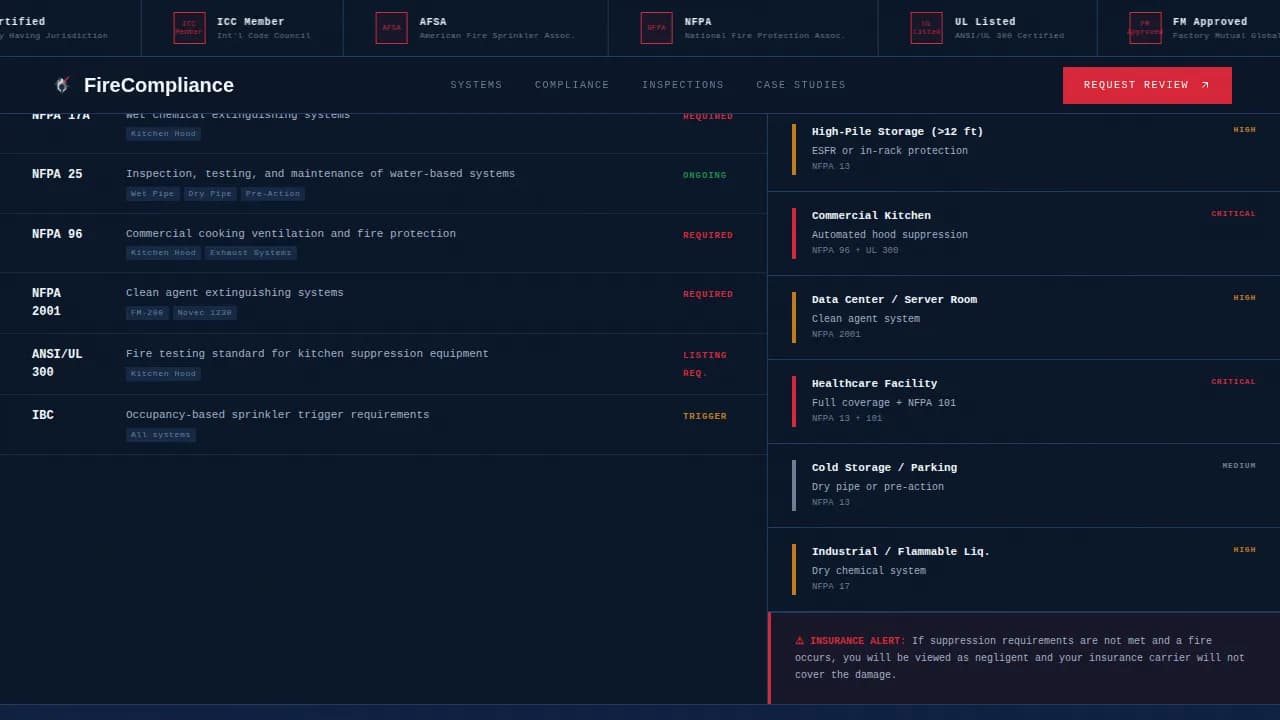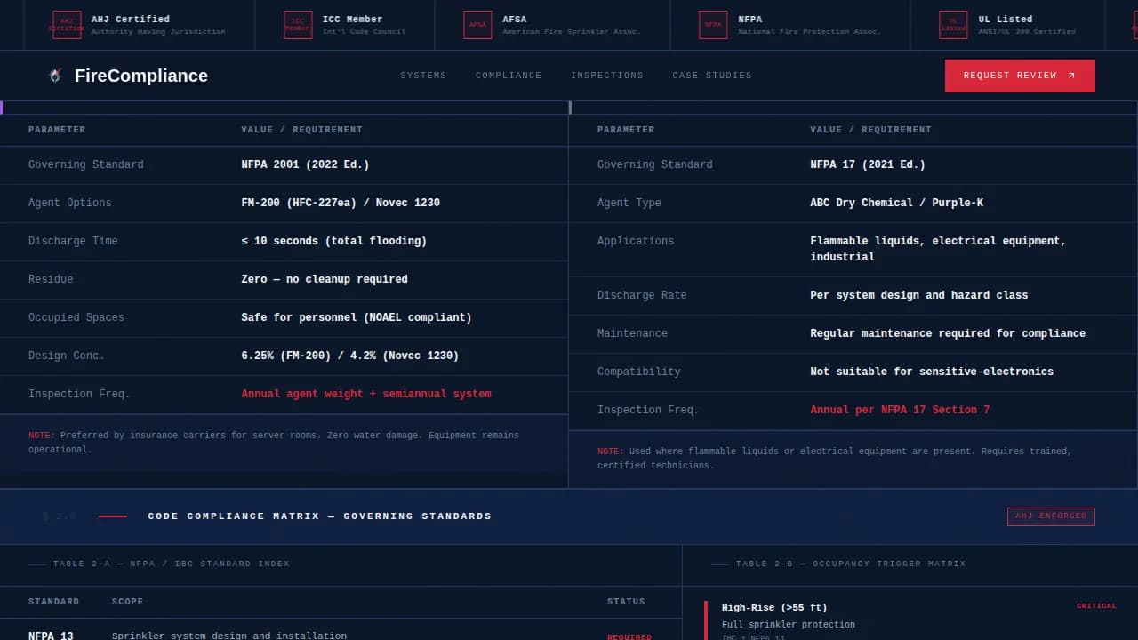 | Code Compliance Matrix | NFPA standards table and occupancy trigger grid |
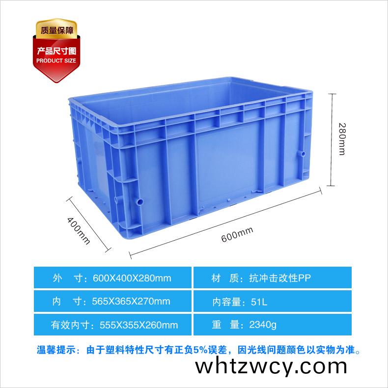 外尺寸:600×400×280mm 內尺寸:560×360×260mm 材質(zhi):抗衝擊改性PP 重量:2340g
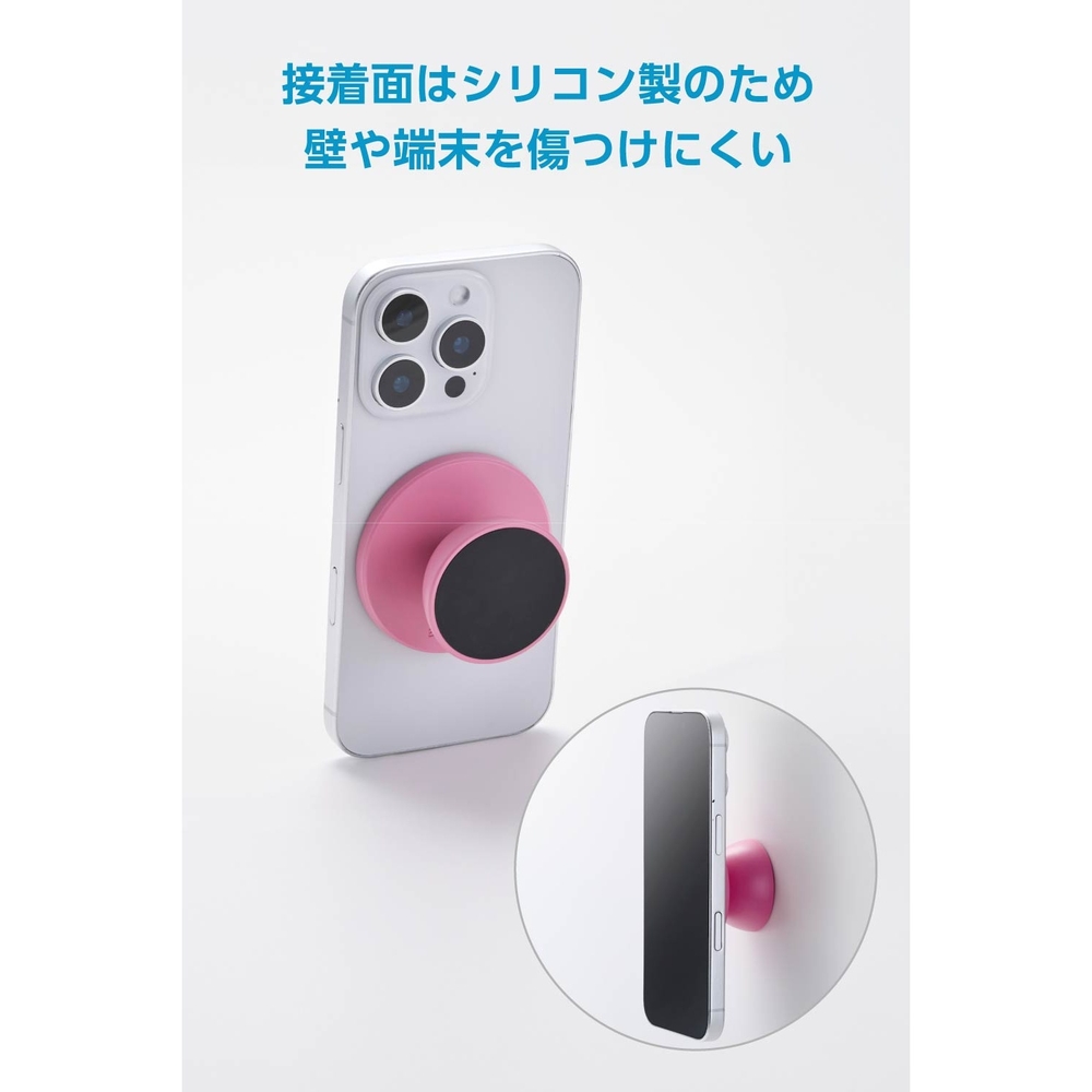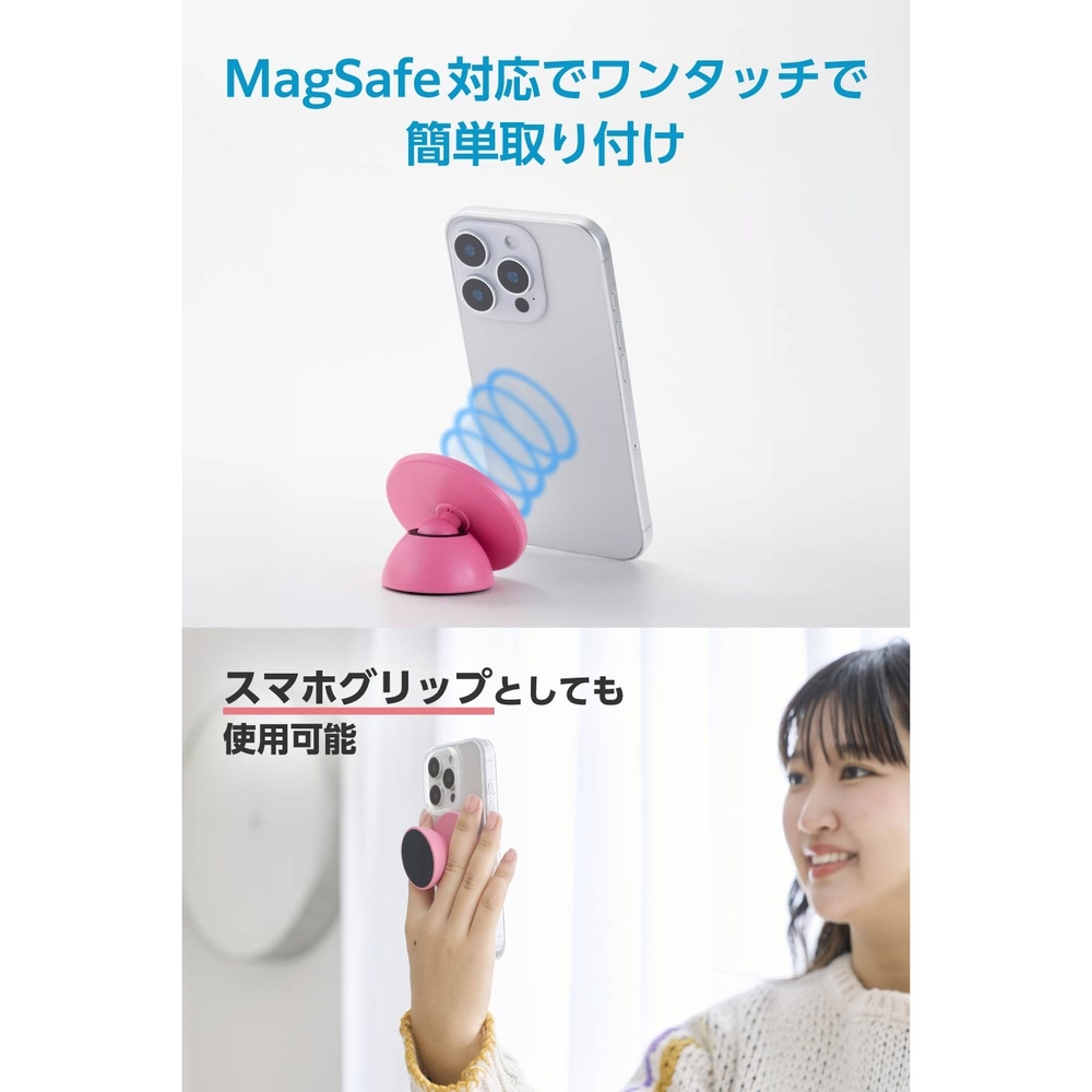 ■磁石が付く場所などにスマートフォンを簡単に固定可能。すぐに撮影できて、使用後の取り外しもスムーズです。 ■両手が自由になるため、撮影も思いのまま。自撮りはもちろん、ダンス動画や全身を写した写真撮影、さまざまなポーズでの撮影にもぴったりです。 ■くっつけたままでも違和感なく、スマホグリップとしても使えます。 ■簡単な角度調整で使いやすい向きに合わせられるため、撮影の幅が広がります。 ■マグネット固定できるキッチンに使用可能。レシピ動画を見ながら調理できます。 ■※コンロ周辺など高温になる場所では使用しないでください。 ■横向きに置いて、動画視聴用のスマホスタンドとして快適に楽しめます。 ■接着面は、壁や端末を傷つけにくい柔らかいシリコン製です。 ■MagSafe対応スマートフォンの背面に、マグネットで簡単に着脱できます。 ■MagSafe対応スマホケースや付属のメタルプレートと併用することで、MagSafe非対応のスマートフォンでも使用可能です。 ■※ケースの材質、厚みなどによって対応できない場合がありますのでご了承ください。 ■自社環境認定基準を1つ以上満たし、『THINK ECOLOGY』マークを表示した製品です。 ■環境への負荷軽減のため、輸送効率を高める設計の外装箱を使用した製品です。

━━━━━━━━━━

Exercise requirements: Without the pictures, print the whole listing exactly as given.

Result for this exercise:
 | Code Compliance Matrix | NFPA standards table and occupancy trigger grid |
 外尺寸:600×400×280mm 內尺寸:560×360×260mm 材質(zhi):抗衝擊改性PP 重量:2340g
 ■磁石が付く場所などにスマートフォンを簡単に固定可能。すぐに撮影できて、使用後の取り外しもスムーズです。 ■両手が自由になるため、撮影も思いのまま。自撮りはもちろん、ダンス動画や全身を写した写真撮影、さまざまなポーズでの撮影にもぴったりです。 ■くっつけたままでも違和感なく、スマホグリップとしても使えます。 ■簡単な角度調整で使いやすい向きに合わせられるため、撮影の幅が広がります。 ■マグネット固定できるキッチンに使用可能。レシピ動画を見ながら調理できます。 ■※コンロ周辺など高温になる場所では使用しないでください。 ■横向きに置いて、動画視聴用のスマホスタンドとして快適に楽しめます。 ■接着面は、壁や端末を傷つけにくい柔らかいシリコン製です。 ■MagSafe対応スマートフォンの背面に、マグネットで簡単に着脱できます。 ■MagSafe対応スマホケースや付属のメタルプレートと併用することで、MagSafe非対応のスマートフォンでも使用可能です。 ■※ケースの材質、厚みなどによって対応できない場合がありますのでご了承ください。 ■自社環境認定基準を1つ以上満たし、『THINK ECOLOGY』マークを表示した製品です。 ■環境への負荷軽減のため、輸送効率を高める設計の外装箱を使用した製品です。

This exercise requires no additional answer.